Sometimes, when I arrive home after my day at work, I feel like I haven’t been seen all day. 

Now, I’m not writing this to reveal that I have an invisibility superpower, or an invisibility cloak from the magical world of Harry Potter. Unfortunately, I feel this because my interactions throughout the day, especially at work, often leave me feeling misunderstood, misinterpreted, or even ignored. 

Unseen. 

Invisible. 

The weight of that invisibility slowly flattens me down as we proceed Monday through Friday. It aggregates with each passing day and each morning I start off a little lower than the previous one. Get to work, do my work hour after hour, say “hello!” and “good morning” and “nice to see you,” but I rarely get many words returned back to me. Most days I still greet people and try and chat, even though the percent of positive responses feels staggeringly low. My brain flies through explanations, most of them centered on me not being worth the time or energy for a response, or to engage with. So many times I just want to give up on reaching out, because it’s just so exhausting. And alienating. Am I the only person who feels this way? Does anyone else wish to herself, “Just once, could someone reach out to me?”

In my personal life I don’t feel this nearly as frequently as I do at work. My husband and children are all in with me, so that is a buoy. Of course there are also moments when my husband sees me a little *too* well, but we all need that person who can call us out, right? There’s no pretending with him, and for that I’ll call him my true north; he can help me figure out how to reorient my thinking when I get home after a rough day. 

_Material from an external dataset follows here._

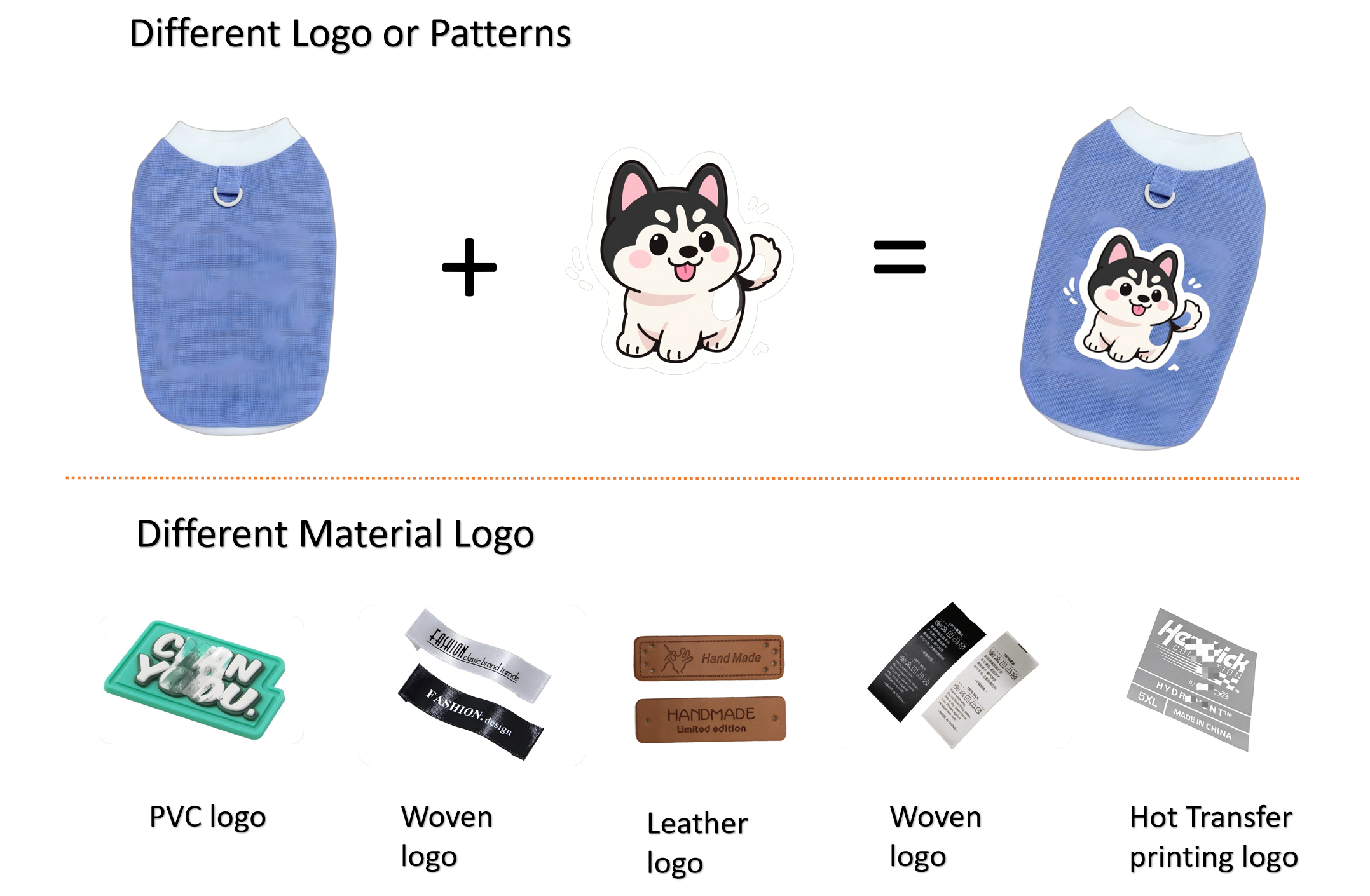 (PVC/Rubber Logo, Woven Logo, Leather/PU Logo, Laser Engrave Logo, Paper Tag, Embroidery Logo, Metal Tag, Hot Transfer printing Logo, Expoxy Sticker logo or support any customzied as need)

In my friendships, I am the person “checking in” and remembering other people’s “things” and asking about them. How is your sick kiddo? How did your big meeting go? How was your Mom’s medical appointment? My friends are constantly on my mind, and when I think of someone I shoot them a text message to let them know. That’s not typical behavior for a lot of people, though, and I find myself wishing every once in a while that I would be on the receiving end of one of those “check in” messages. Wouldn’t it be lovely if someone who sees me were to also think of me and want to know how I am? What does it feel like to receive a text message just because, and not simply a reply to a message I sent? These thoughts fill my mind as I try and fall asleep each night.

You may be thinking, “Wow, this lady is hard on herself, and hard on the people around her. Maybe her colleagues have their own stuff to think about and can’t be worrying about her. And the same for her friends.” My logical mind knows that I am letting other people’s actions impact me too much, even though other people’s actions are out of my realm of control. But to try and act on logic on an invisible day? That’s nearly impossible. After all, knowing and believing are vastly different verbs.

Recently an acquaintance of mine shared the article, “The Worst Part Of Anxiety Is Feeling Unloved, Unimportant, And Unappreciated” by Holly Riordan and as soon as I read the title, I KNEW. Or, more accurately, I HOPED. I hoped that this might mean maybe I wasn’t as invisible as I felt. Maybe my brain, my anxiety, was partially responsible for all this. Maybe the people at work weren’t ignoring me…maybe they were simply indifferent and my anxious brain mis-processed it. In her article, Ms. Riordan wrote,

“The worst part of anxiety is feeling like you’re unloved, unimportant, and unappreciated — but you have to remember that your anxiety is playing tricks on you. The horrible things you’ve been thinking other people are thinking aren’t true. No one is judging you as harshly as you’ve been judging yourself. No one else hates you as much as you hate your anxiety.”

Oh, Anxiety the Trickster…you weave such cunning tales; tales that easily make me feel unimportant. But now that I know this is one of your favorite tricks to play on me, if my feelings of being invisible and unappreciated start to get loud in my head, I can reach out to my loved ones who, time and time again, help me see you for what you really are.